My blood pressure shoots through the roof and my neck pulses. I want to jump the table and run down the center, choke Tanner until his eyes pop out of his skull.

But I look at the pistol from behind the dim grayness of the shades, and instead jab my finger into the terminal’s touchscreen. It links up with my HoloBand, confirms that I’m Matthew Stokes—and then I’m staring at a directory full of files related to HIVE.

“Why was I the most impressive to you,” I say, scanning the endless reams of folders. Most of them are code.

“Because, beneath the nervous strangeness, you had the power to change the world,” he says, with smug satisfaction from apparently being the first to recognize this greatness, “and sometimes you even realize it.”

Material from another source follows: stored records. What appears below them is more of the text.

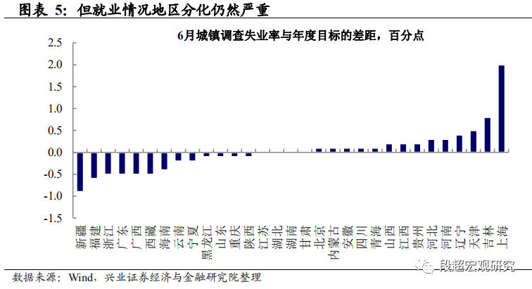 此外,就业也在二季度经历砸坑后的反弹,但当前地区分化仍然较大。2022年4至6月,城镇调查失业率由6.1%降至5.5%,已经回到了本轮疫情之前2022年2月的水平。同时,由于本轮疫情主要影响大城市,我们看到4-5月大城市失业率与全国城镇失业率走势分化,大城市失业率大幅高于全国整体失业率,但这一现象在6月有明显改善,大城市失业率快速回落。值得注意的是,当前各地区的就业情况分化仍然较大,例如上海、吉林6月城镇调查失业率分别为7%、6.8%,较年度目标值分别高2个百分点、0.8个百分点,而福建、浙江6月城镇调查失业率分别为4.9%、5%,较年度目标值分别低0.6个百分点、0.5个百分点。
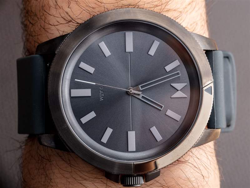 正如名字所承諾的那樣,Minimal Sport 在設計上是極簡主義的,以至于大部分的手都被設計出來了。事實上,這是這款腕表最大的問題,因為令人難以置信的鏤空指針加上沒有發光體(在運動手表上很少見)意味著這款腕表的易讀性略有限制。也就是說,MVMT 客戶看手機的時間比看手表的時間要多,因此不完整的易讀性似乎從未阻礙銷售。
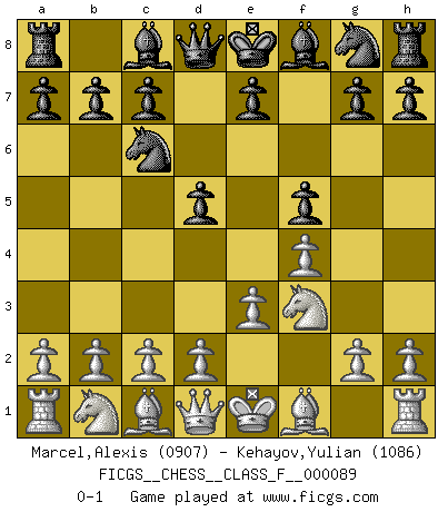 Last move : 0-1 2010 December 24 7:30:19 [Event "FICGS__CHESS__CLASS_F__000089"] [Site "FICGS"] [Date "2010.12.18"] [Round "1"] [White "Marcel,Alexis"] [Black "Kehayov,Yulian"] [Result "0-1"] [WhiteElo "0907"] [BlackElo "1086"] 1.f4 d5 2.Nf3 f5 3.e3 Nc6 0-1 Bird's Opening Player Black won this chess game. Follow this game move after move (download)To avoid losing a piece, many a person has lost the game. (Savielly Tartakover) Auf Remis zu spielen ist gewissermaßen ein Verbrechen gegen das Schachspiel. (Mikhail Nekhemyevich Tal) Solo puedes ser bueno en el Ajedrez si amas al juego. (Bobby Fischer) Horreur, mais aussi harmonie suprême : qu'y avait-il en effet au monde en dehors des échecs ? Le brouillard, l'inconnu, le non-être... (Vladimir Nabokov) War is the child of passion, passion is the child of narcissism and narcissism is the child. (...) Another game ? (Thibault de Vassal)
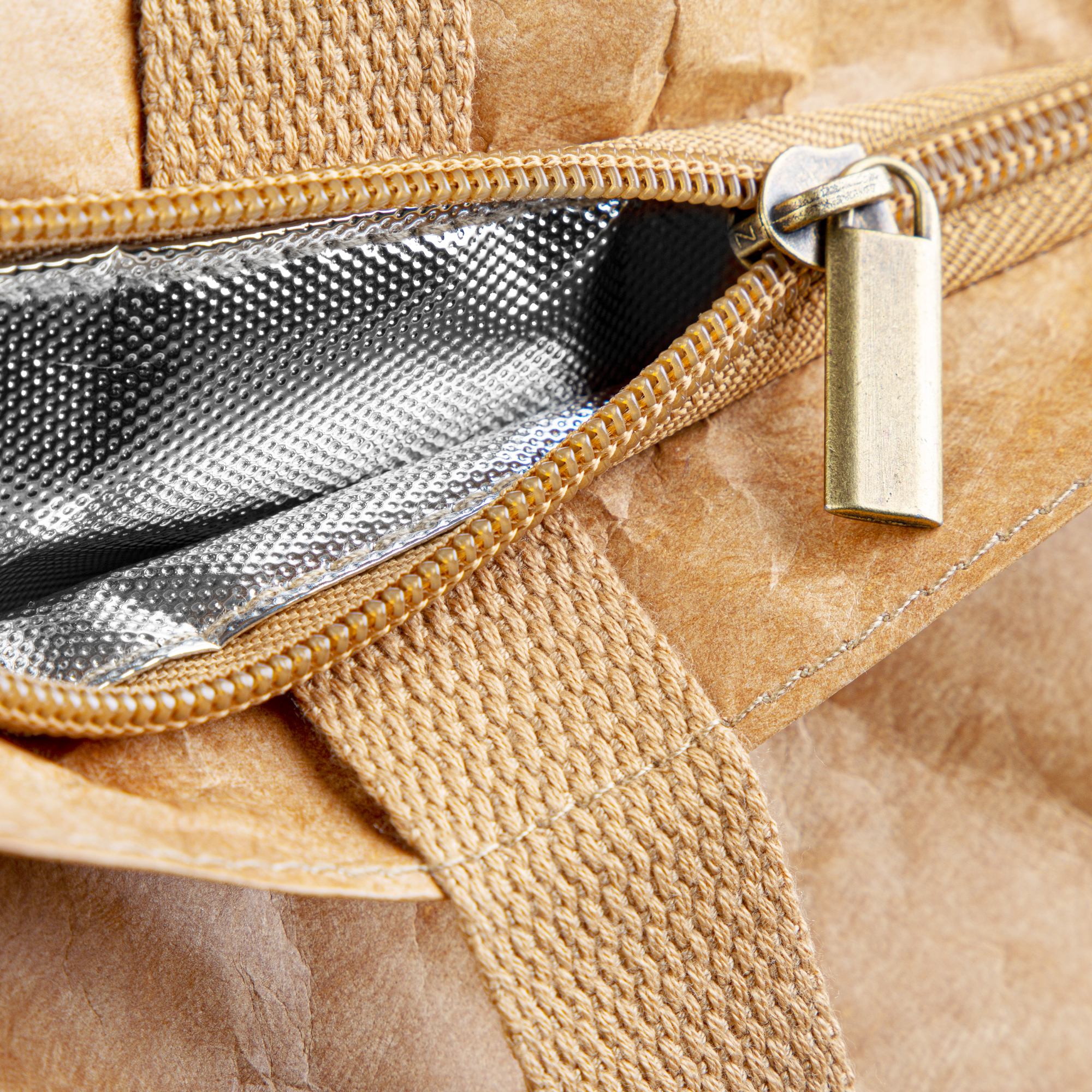 VALENCIA má velkou vnitřní kapsu na zip, kterou oceníte během pikniků nebo během nákupu. Vnitřní část tašky je doplněna o hliníkovou fólii, která zajišťuje tepelnou izolaci, díky čemuž přenášené potraviny udržíte čerstvé a v chladu.
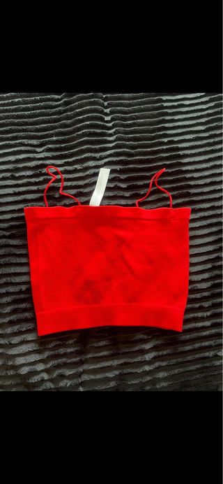 Top de tirantes en color rojo. - Diseño de tejido acanalado. - Tirantes finos ajustables. - Bajo elástico.
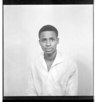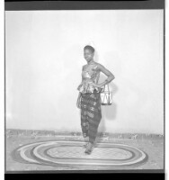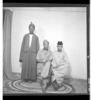 A man wearing a boubou and hat standing face-forward next to two men, one wearing a shirt, hat, and large pants, and the other wearing a boubou and hat, both sitting face-forward in the studio.
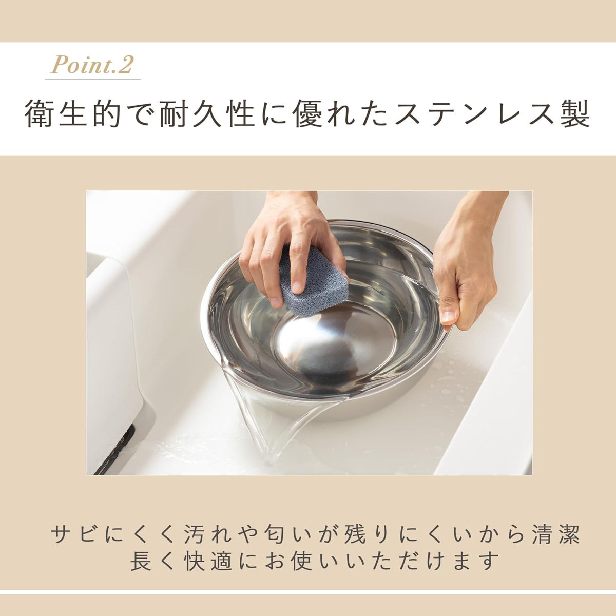 耐久性に優れたステンレス素材を使用しています。汚れが落としやすく、におい移りもしにくいので、毎日清潔にお使いいただけます。
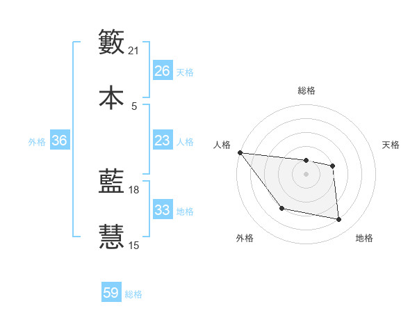 籔本 藍慧さんを姓名の画数から五運を鑑定
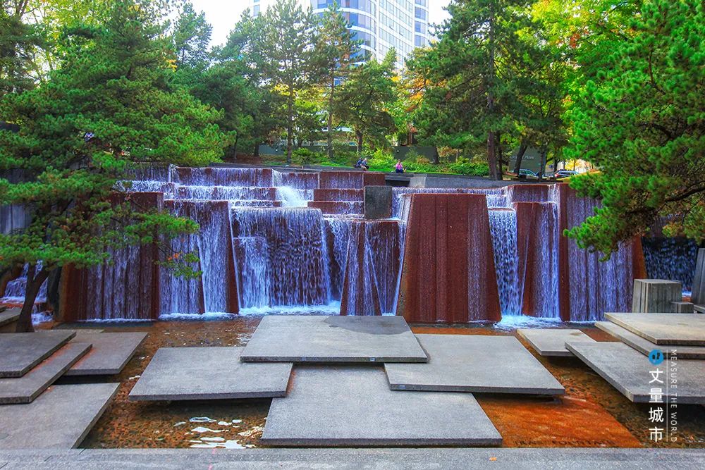 除了這種純粹空間的連接,美國景觀設計大師勞倫斯·哈普林的代表作波特蘭系列城市廣場綠地這一序列化敘事的景觀,更是將小尺度空間在更高的主題層面擰成了一個整體。
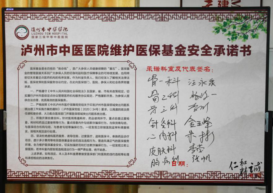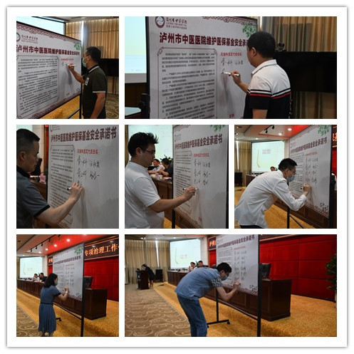 7個(gè)科室代表依次上臺(tái)簽署《瀘州市中醫(yī)醫(yī)院維護(hù)醫(yī)?;鸢踩兄Z書(shū)》。
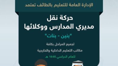 تعليم الطائف يعلن حركة نقل مديري المدارس ووكلائها لعام 1445 هـ
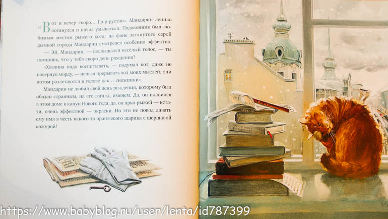 Внимание: книга, - скорее, альбом иллюстраций Павловой, текст в ней милый, но довольно-таки банальный. История рассказывается, смысл есть, но все очень плоско, наверное, поэтому имя автора сего опуса даже не вынесено на обложку. Для Кирюхи я оживила историю,она добрая, в нее легко верить, мы много раз проиграли ее, поэтому книга хорошо идет, и конечно, играет роль то, что за окном у Павловой всегда Петербург. И Кирюха, тыча пальцем куда-то поверх головы Мандарина, всегда уточняет: «Это мой город???»
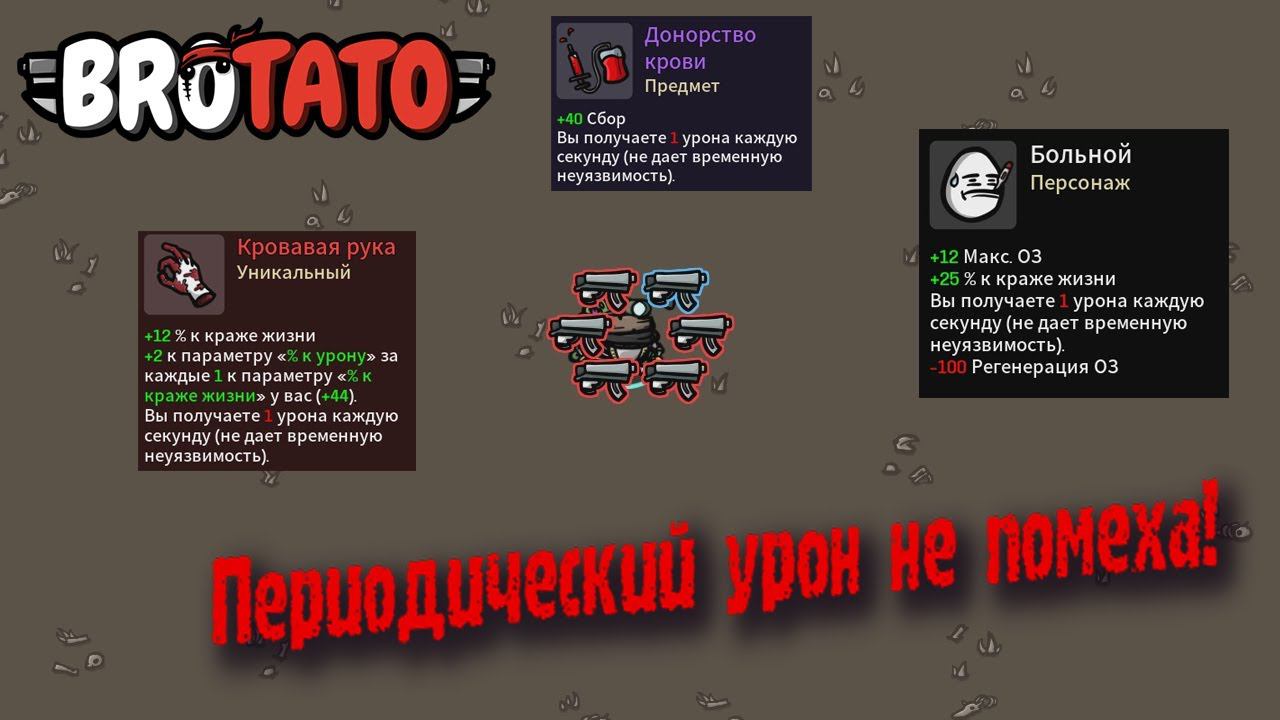 Brotato ► Персонаж Больной - Взял кровавую руку и донорство но все равно выжил! Кража жизни тащит!

I know he’s not talking about me, but it feels like the latter part is true. Which is the key element of all cons: you wrap a grain of truth in a larger, more insidious lie. Either to yourself or someone else. Tanner isn’t lying about my brother.

But I am deceiving myself if I believe I have the power to change the world. Which is why, after this play runs its course—and I can figure out a way to set things right without a bounty being placed on my head—I’m going to get the hell out of New Manhattan. Special projects be damned.

I scroll through the files silently until I find a document. It’s only one page, and gives me no details on HIVE’s purpose or where it might be located—just a list of key developmental hardware and software engineers. I upload it to my HoloBand, and then sign off.

“It’ll be ready in a week,” I say, rising from my chair.

“A week?” Tanner’s eyes grow greedy for the first time, and I realize, that whatever HIVE is, it’s linked not only to his legacy but his life.

“Forty-eight hours,” I say, revising my estimate, and then I throw into the wind, “for an almost complete beta.”

“I’m glad you’ve seen the necessity of this technology,” Tanner says. “I wasn’t sure you’d deliver.”

“Progress waits for no man.”

“Most will survive,” Tanner says, “in the end, it will be good for them all.”

And you
, I think, not waving goodbye as I walk out the door. I wait for the elevator, hoodie still drawn around my cheeks like I’m battling a windstorm, listening as the door to Chancellor Tanner’s office shuts automatically with a quiet whir.

After a quick ride, I exit on to the immaculate ground floor. And who do I see, striding up to her own elevator, but the long-haired woman from next door. The one who wouldn’t talk to me before. Without a second glance, she gets into her own private transport to the top of the world.

Now, more than ever, I realize there’s only one fundamental truth about human beings.